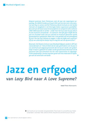 Belgisch jazzicoon Toots Thielemans viert dit jaar zijn negentigste verjaardag. De UNESCO stelde op 30 april 2012 voor het eerst een International Jazz Day in, samen met het Thelonious Monk Institute en met Herbie Hancock als boegbeeld. In de Verenigde Staten organiseren jazzliefhebbers zich om de huizen waar tenorsaxofonist en componist John Coltrane (1926-1967) woonde en werkte – onder meer het huis waar hij zijn album A Love Supreme concipieerde – te vrijwaren. Het lijdt geen twijfel dat de jazz als muzikaal maar ook als cultureel en historisch fenomeen wordt gewaardeerd en gekoesterd. Maar hoe is het gesteld met het jazzerfgoed bij ons? Om het met Coltrane te zeggen: is daar de liefde even supreme? Of zijn we collectief een beetje lazy en mag het wel iets dynamischer?1 Resonant, het Vlaams Centrum voor Muzikaal Erfgoed, voerde in 2011 een vooronderzoek uit.2 Hieruit bleek dat de rijke geschiedenis van de jazz in ons land heel wat erfgoed genereerde dat tot dusver slechts zeer gedeeltelijk in kaart is gebracht en zelden wordt gevaloriseerd. Resonant wil de jazzsector dan ook stimuleren tot een meer dynamische en erfgoedgerichte speelpraktijk, nieuwe impulsen geven aan het onderzoek en bijdragen aan de valorisatie van beide.
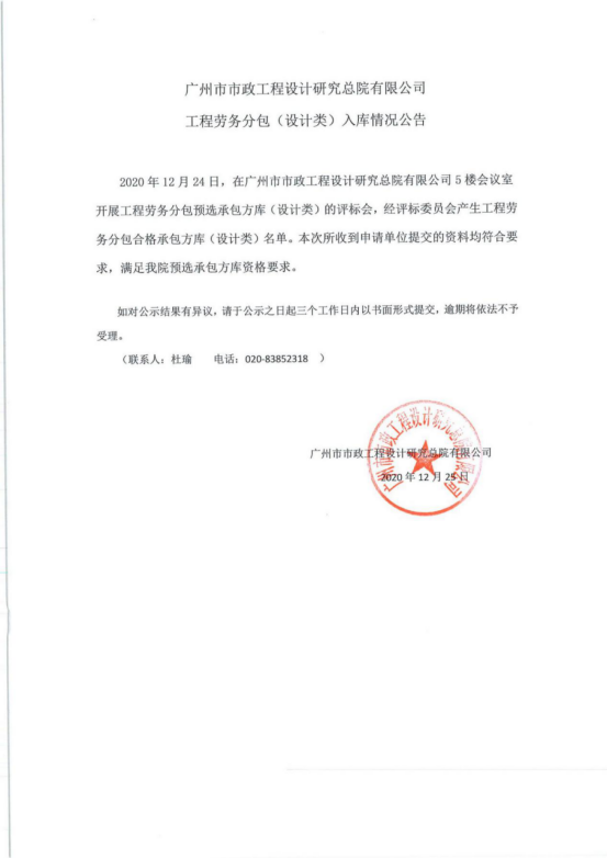工程勞務(wù)分包(設(shè)計(jì)類)入庫情況公告
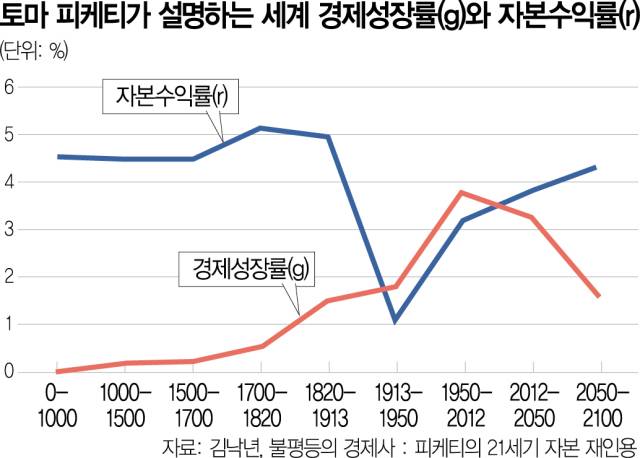 그가 설명하는 불평등 원인을 간단하게 말하면 이렇습니다. 자본수익률(r)이 경제성장률(g)보다 높아(r > g) 불평등이 누적됐다는 겁니다. 즉 이자, 배당, 임대료 등 재산을 가지고 벌어들이는 수익률이 경제성장률보다 높다보니 부를 가진 사람들은 점점 더 풍족해지는 반면 노동소득에 의존하는 경우 뒤떨어지고 있다는 설명입니다. 또 향후 추세적으로 경제성장률이 떨어질 것으로 예상돼 부의 불평등도 심화할 것으로 내다봅니다. 아래 그래프를 참고하시면 될 거 같습니다. 김낙년 교수 논문(불평등의 경제사: 피케티의 21세기 자본)에서 재인용한 그림입니다. 아래 그림에서 보면 역사적으로 자본수익률은 약 4~5% 수준이며 경제성장률보다 높은 수준에 있습니다. 이를 통해 부의 불평등을 확대한다는 설명입니다.
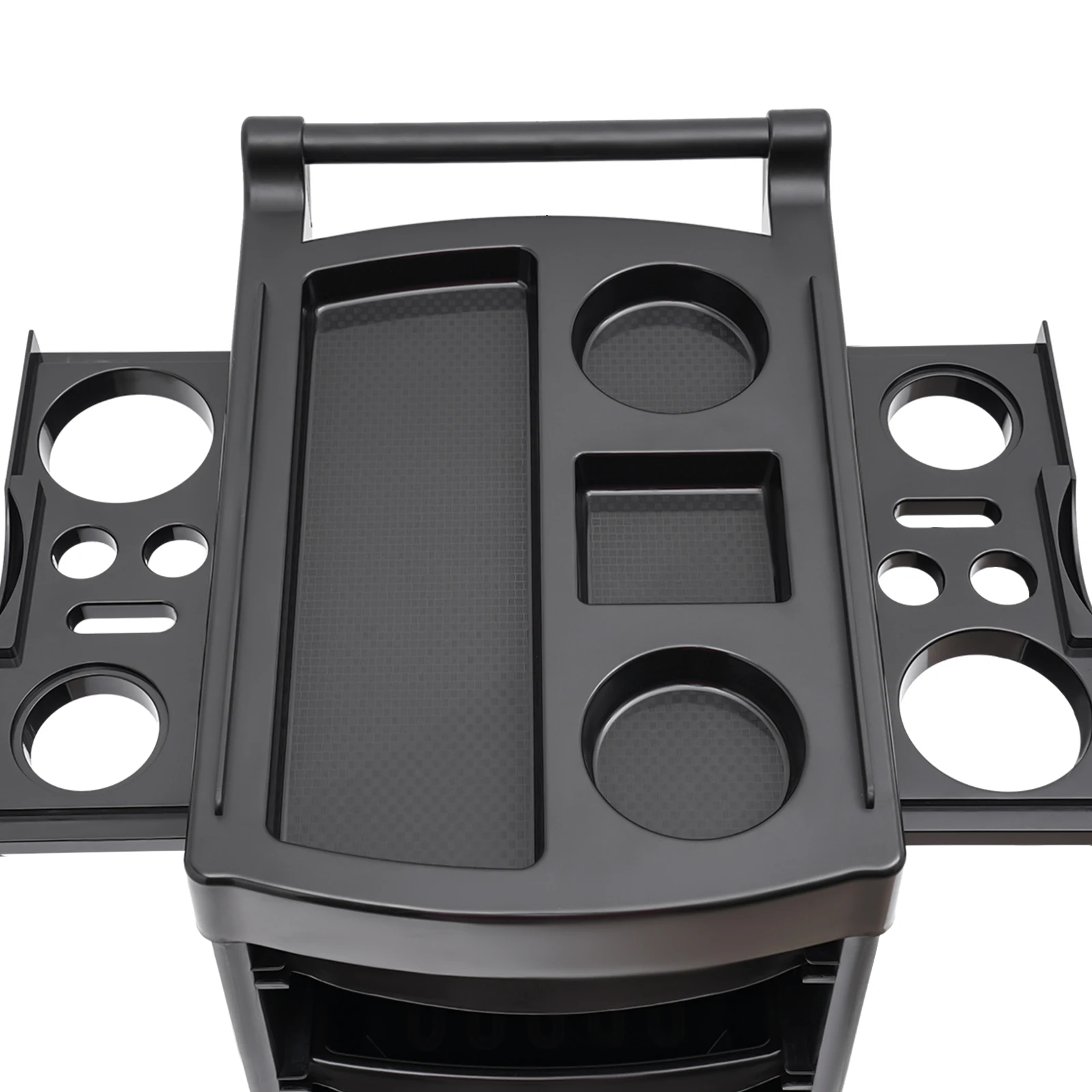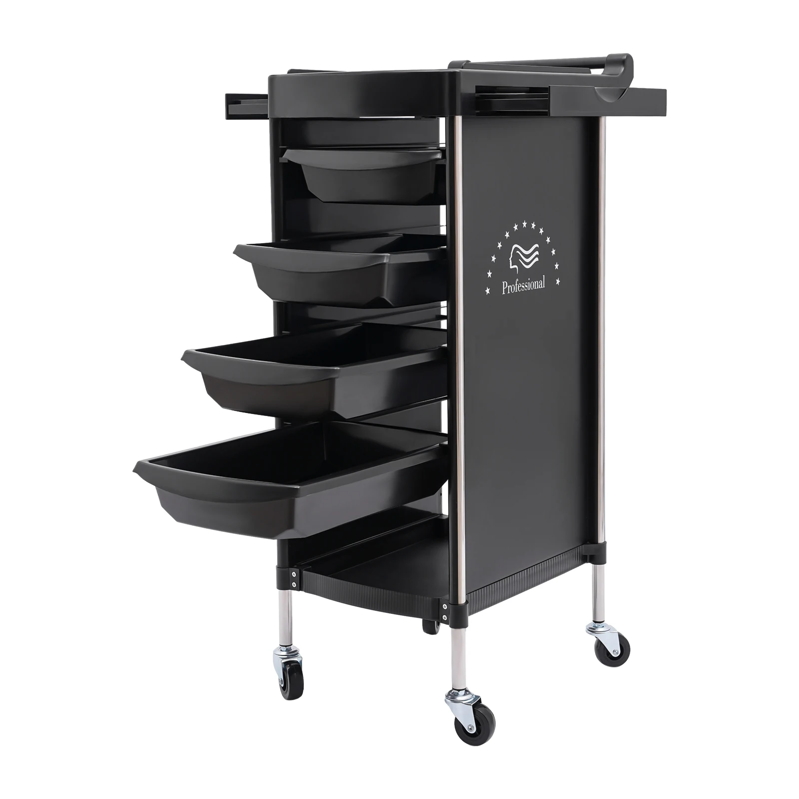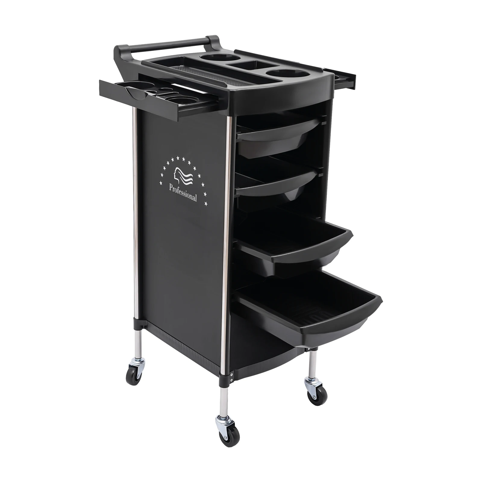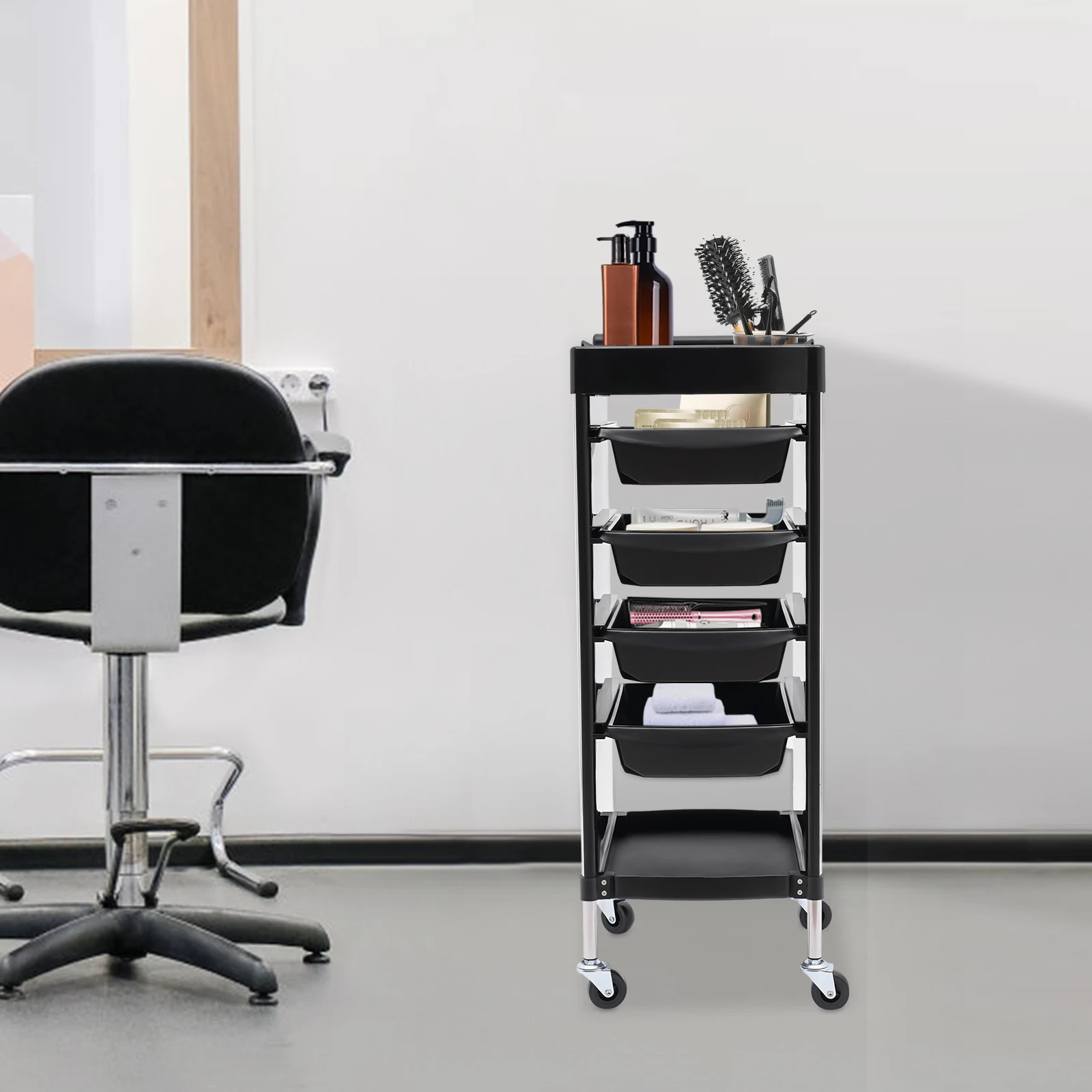 Easy to Access: The top tier with an open design has multiple compartments and the 4 middle drawer-type shelves can be pulled out smoothly in two directions, making it convenient for you to access and store various tools and salon supplies.

> _Exercise_:
Your copy should hold exactly the lines from the line containing "그가 설명하는 불평등" through the last line of the listing above, both included, and no pictures.

> _Exercise response_:
 그가 설명하는 불평등 원인을 간단하게 말하면 이렇습니다. 자본수익률(r)이 경제성장률(g)보다 높아(r > g) 불평등이 누적됐다는 겁니다. 즉 이자, 배당, 임대료 등 재산을 가지고 벌어들이는 수익률이 경제성장률보다 높다보니 부를 가진 사람들은 점점 더 풍족해지는 반면 노동소득에 의존하는 경우 뒤떨어지고 있다는 설명입니다. 또 향후 추세적으로 경제성장률이 떨어질 것으로 예상돼 부의 불평등도 심화할 것으로 내다봅니다. 아래 그래프를 참고하시면 될 거 같습니다. 김낙년 교수 논문(불평등의 경제사: 피케티의 21세기 자본)에서 재인용한 그림입니다. 아래 그림에서 보면 역사적으로 자본수익률은 약 4~5% 수준이며 경제성장률보다 높은 수준에 있습니다. 이를 통해 부의 불평등을 확대한다는 설명입니다.
 Easy to Access: The top tier with an open design has multiple compartments and the 4 middle drawer-type shelves can be pulled out smoothly in two directions, making it convenient for you to access and store various tools and salon supplies.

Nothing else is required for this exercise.